I will let $f$ be the function of your curvilinear coordinates and $h$ be a parametrization of the space through the curvilinear coordinates. Here $h(r,\theta) = (r\cos\theta, r\sin\theta)$. Define $g = f \circ h^{-1}$, essentially $f$ using cartesian coordinates. I am not bothering so much with domains and $h^{-1}$, essentially your coordinates are well-defined locally if $\mathrm dh(P)$ is invertible and $h$ is smooth.

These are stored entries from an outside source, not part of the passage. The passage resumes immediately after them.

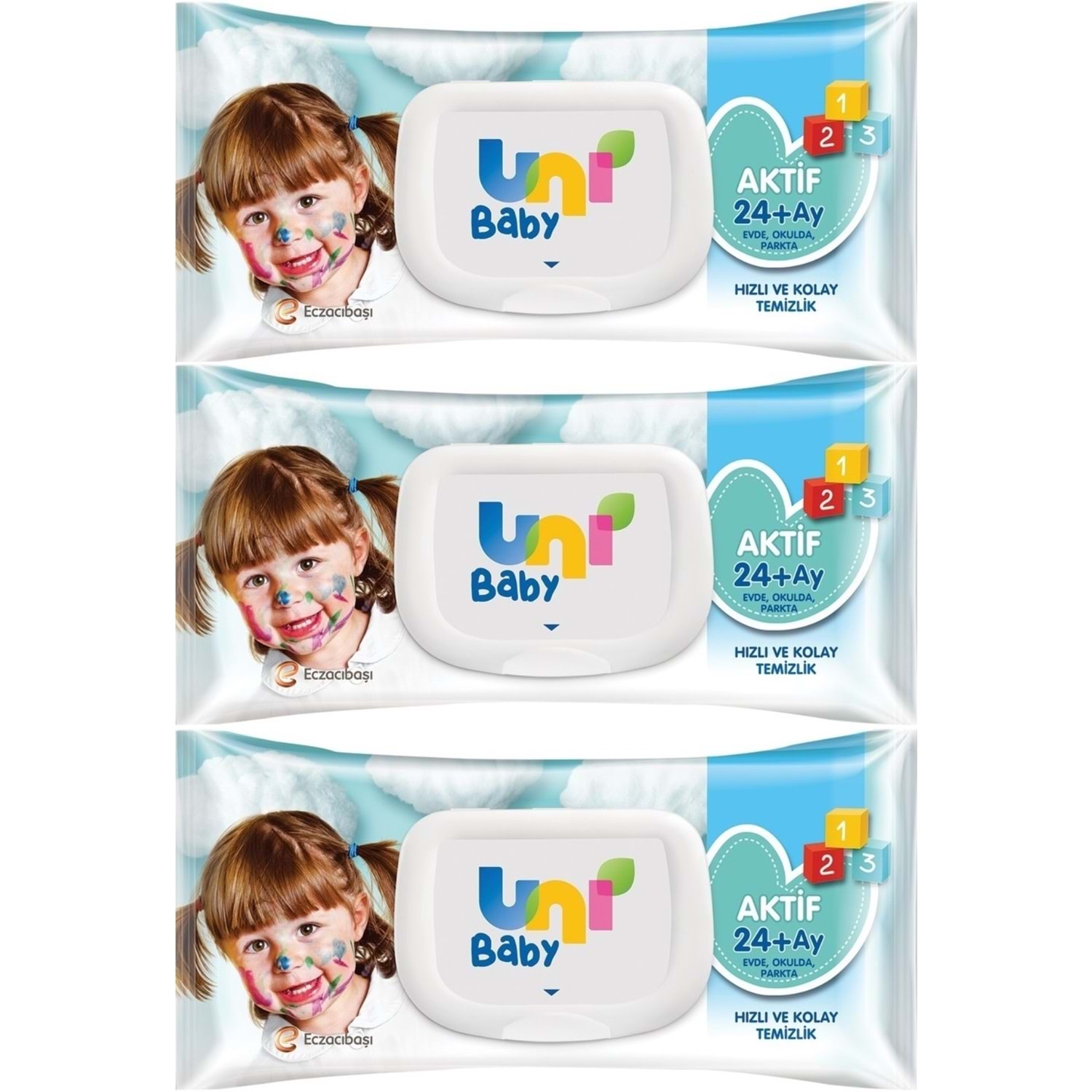 Uni Baby Islak Havlu Mendil 72 Yaprak Aktif (3 Lü Set) 216 Yaprak Plastik Kapaklı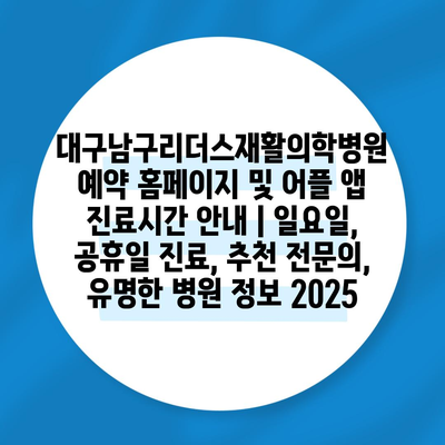 대구남구리더스재활의학병원 예약 홈페이지 및 어플 앱 진료시간 공지 | 일요일, 공휴일 진료, 추천 전연락, 유명한 병원 정보 2025 에 대해 자주 묻는 질문 TOP 5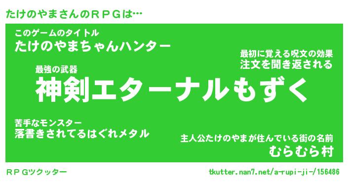 | 男性向けラノベタイトル風あだ名 | 『たけのやまの憂鬱』 |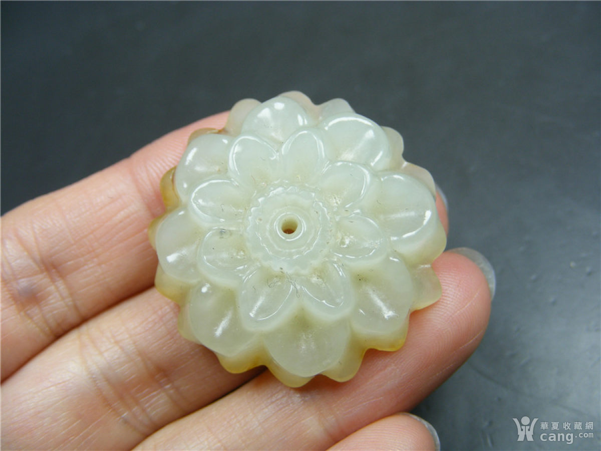 102 和田玉带沁中间带孔打洼手工雕多瓣大玉花坠佩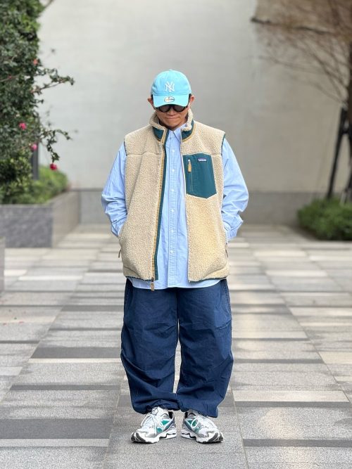 パタゴニアのフリースベストを主役にした、カジュアルなアメカジスタイルです。インナーには爽やかなライトブルーのシャツを合わせ、重たくなりがちな冬コーデに軽さをプラス。ボトムスはネイビーのワイドパンツを選び、リラックス感のあるシルエットにまとめています。
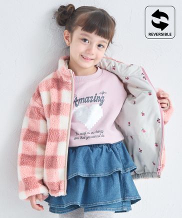 【エアサーマル】ガールズ 総柄 リバーシブル ボアブルゾン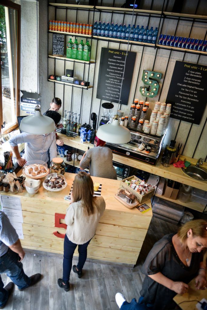 Coffee shop-ul din Piata Unirii are o suprafata de 20 de metri patrati, iar bugetul alocat lucrarilor a fost in jur de 15.000 de euro.
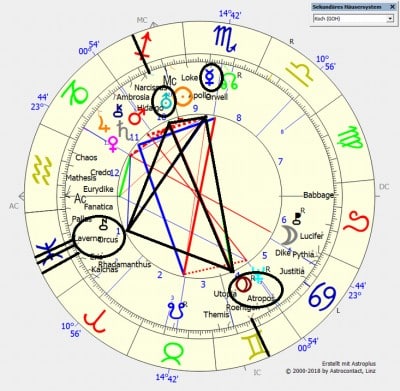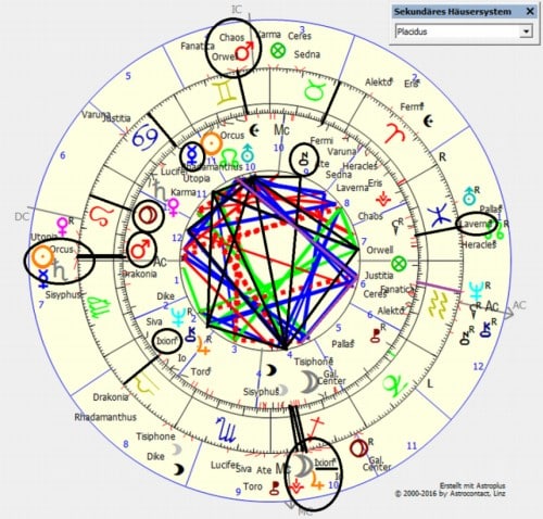 – Adolf Hitler 20.04.1889, 18:30 LMT, Braunau am Inn (Rodden AA): Waage-Uranus Trigon Wassermann-Orcus Konjunktion Nessus (heimtückischer, gnadenlos strafender Rächer), letztere im KZ-Quadrat zu Vesta und im Anderthalbquadrat / Halbquadrat-Auslaufspannungswinkel zu seiner Steinbock-Mond / -Jupiter Opposition Krebs-Chiron.
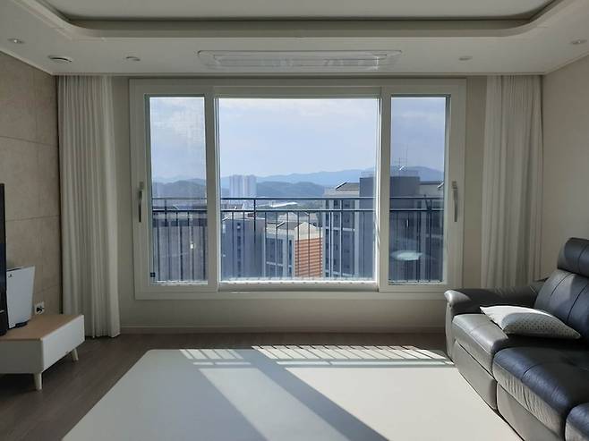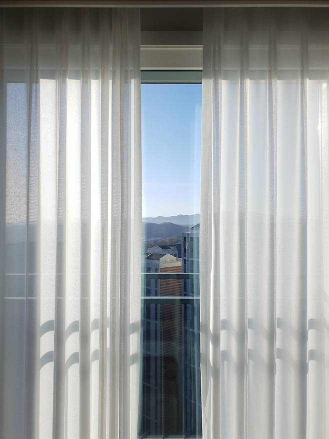 햇빛이 진짜 잘 드는 거실! 햇빛을 지키려고 거실에는 투명한 커튼을 달았어요. 분위기도 따뜻해지고 만족합니다.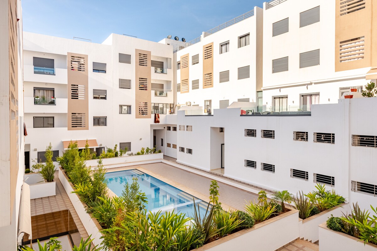 在這個寧靜祥和的中心住宿中,簡化您的生活。 位於Hay Riad商業區的中心。 距恩納基爾大道( Ennakhil Avenue ) 2分鐘路程。 距離拉巴特第一家露天購物中心Mahaj 2分鐘路程,這裡有許多即食咖啡館、餐廳、餐廳、快餐店、快餐店和披薩店 如果您是步行支持者,您會在植物公園附近找到

I will loosely use the letter $P$ to denote the point of the plane irrespective of the coordinates used. Also I am using differentials and not gradients, Jacobians, Hessians because it is easier to work with. I will also use the convention that the second differential is a bilinear (symmetric thanks to Schwarz's theorem) map noted $\mathrm d^2$. Locally around $P$, \begin{equation} f = g \circ h, \end{equation} thus at first order, in terms of linear maps, \begin{equation} \mathrm df(P) = \mathrm dg(P) \mathrm dh(P). \end{equation}

At second order now, \begin{equation} \mathrm d^2f(P) = \mathrm d^2g(P)(\mathrm dh(P) ~\cdot, \mathrm dh(P) ~\cdot) + \mathrm dg(P) \mathrm d^2h(P). \end{equation} The dots help indicate that $\mathrm dh(P)$ applies to each argument. Altogether, \begin{align} \mathrm d^2g(P)(\mathrm dh(P) ~\cdot, \mathrm dh(P) ~\cdot) &= \mathrm d^2f(P) - \mathrm dg(P) \mathrm d^2h(P) \\ &= \mathrm d^2f(P) - \mathrm df(P) \mathrm dh(P)^{-1} \mathrm d^2h(P). \end{align} The left-hand side is the bilinear map we are after, in the case of $f$ scalar, it is the bilinear form associated with the Hessian. The differential $\mathrm dh(P)$ applying to the arguments of $\mathrm d^2 g(P)$ ensures that we translate changes $\delta r, \delta \theta$ (if you will) into $\delta x, \delta y$, just like in $\mathrm df(P) = \mathrm dg(P) \mathrm dh(P)$.

So now using vectors $u,v$ we explicit, \begin{align} \mathrm dh(P) &= \begin{bmatrix} \cos\theta & -r \sin\theta \\ \sin\theta & r \cos\theta\end{bmatrix} \\ \mathrm dh(P)^{-1} &= \begin{bmatrix} \cos\theta & \sin\theta \\ -\frac{\sin\theta}r & \frac{\cos\theta}r\end{bmatrix}\\ \mathrm d^2h(P)(u,v) &= u_r \begin{bmatrix} 0 & - \sin\theta \\ 0 & \cos\theta\end{bmatrix} v + u_\theta \begin{bmatrix} -\sin\theta & - r\cos\theta \\ \cos\theta & -r\sin\theta\end{bmatrix} v \\ \mathrm dh(P)^{-1} \mathrm d^2h(P)(u,v) &= \begin{bmatrix} -ru_\theta v_\theta \\ \frac1r (u_r v_\theta+ u_\theta v_r)\end{bmatrix} \\ \mathrm df(P) \mathrm dh(P)^{-1} \mathrm d^2h(P)(u,v) &= - r \frac{\partial f}{\partial r} u_\theta v_\theta + \frac1r\frac{\partial f}{\partial \theta} (u_r v_\theta+ u_\theta v_r) \\ &= u^\top \begin{bmatrix} 0 & \frac1r\frac{\partial f}{\partial \theta} \\ \frac1r\frac{\partial f}{\partial \theta} & - r \frac{\partial f}{\partial r} \end{bmatrix}v. \end{align}

Therefore, \begin{equation} \mathrm d^2g(P)(\mathrm dh(P) u, \mathrm dh(P) v) = u^\top \begin{bmatrix} \frac{\partial^2 f}{\partial r^2} & \frac{\partial^2 f}{\partial r\partial \theta} -\frac1r\frac{\partial f}{\partial \theta} \\ \frac{\partial^2 f}{\partial r\partial \theta} -\frac1r\frac{\partial f}{\partial \theta} & \frac{\partial^2 f}{\partial \theta^2} + r \frac{\partial f}{\partial r} \end{bmatrix} v. \end{equation}